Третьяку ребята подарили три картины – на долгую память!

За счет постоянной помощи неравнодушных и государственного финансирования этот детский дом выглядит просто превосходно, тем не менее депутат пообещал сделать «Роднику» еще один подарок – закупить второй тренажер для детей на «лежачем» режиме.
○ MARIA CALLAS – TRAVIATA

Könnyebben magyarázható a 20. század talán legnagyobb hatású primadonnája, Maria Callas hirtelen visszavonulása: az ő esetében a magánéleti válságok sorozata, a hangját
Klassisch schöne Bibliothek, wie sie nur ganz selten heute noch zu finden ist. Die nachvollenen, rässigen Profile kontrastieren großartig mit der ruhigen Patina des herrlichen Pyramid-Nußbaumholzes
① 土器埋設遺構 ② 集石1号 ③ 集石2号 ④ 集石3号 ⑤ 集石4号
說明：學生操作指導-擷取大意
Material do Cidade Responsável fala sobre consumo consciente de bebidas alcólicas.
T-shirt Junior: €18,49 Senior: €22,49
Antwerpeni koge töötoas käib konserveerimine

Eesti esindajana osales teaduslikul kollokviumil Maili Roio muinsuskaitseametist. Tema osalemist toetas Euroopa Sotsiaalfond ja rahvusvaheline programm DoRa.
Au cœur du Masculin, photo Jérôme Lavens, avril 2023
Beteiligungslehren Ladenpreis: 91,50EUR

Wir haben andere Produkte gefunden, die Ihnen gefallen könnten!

* * * * * * *

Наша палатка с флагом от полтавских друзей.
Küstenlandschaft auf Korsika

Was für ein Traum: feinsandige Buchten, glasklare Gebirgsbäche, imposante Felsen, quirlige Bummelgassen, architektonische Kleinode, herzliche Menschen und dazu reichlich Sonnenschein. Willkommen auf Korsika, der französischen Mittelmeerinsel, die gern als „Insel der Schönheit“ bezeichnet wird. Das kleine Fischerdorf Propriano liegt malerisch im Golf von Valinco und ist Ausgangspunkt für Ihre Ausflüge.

* * * * * * *

Problem to work on -
Find where the line with "Третьяку ребята подарили" sits in the material above, then copy exactly from it through the line with "Antwerpeni koge töötoas käib konserveerimine". Add no other line.

Answer box -
Третьяку ребята подарили три картины – на долгую память!

За счет постоянной помощи неравнодушных и государственного финансирования этот детский дом выглядит просто превосходно, тем не менее депутат пообещал сделать «Роднику» еще один подарок – закупить второй тренажер для детей на «лежачем» режиме.
○ MARIA CALLAS – TRAVIATA

Könnyebben magyarázható a 20. század talán legnagyobb hatású primadonnája, Maria Callas hirtelen visszavonulása: az ő esetében a magánéleti válságok sorozata, a hangját
Klassisch schöne Bibliothek, wie sie nur ganz selten heute noch zu finden ist. Die nachvollenen, rässigen Profile kontrastieren großartig mit der ruhigen Patina des herrlichen Pyramid-Nußbaumholzes
① 土器埋設遺構 ② 集石1号 ③ 集石2号 ④ 集石3号 ⑤ 集石4号
說明：學生操作指導-擷取大意
Material do Cidade Responsável fala sobre consumo consciente de bebidas alcólicas.
T-shirt Junior: €18,49 Senior: €22,49
Antwerpeni koge töötoas käib konserveerimine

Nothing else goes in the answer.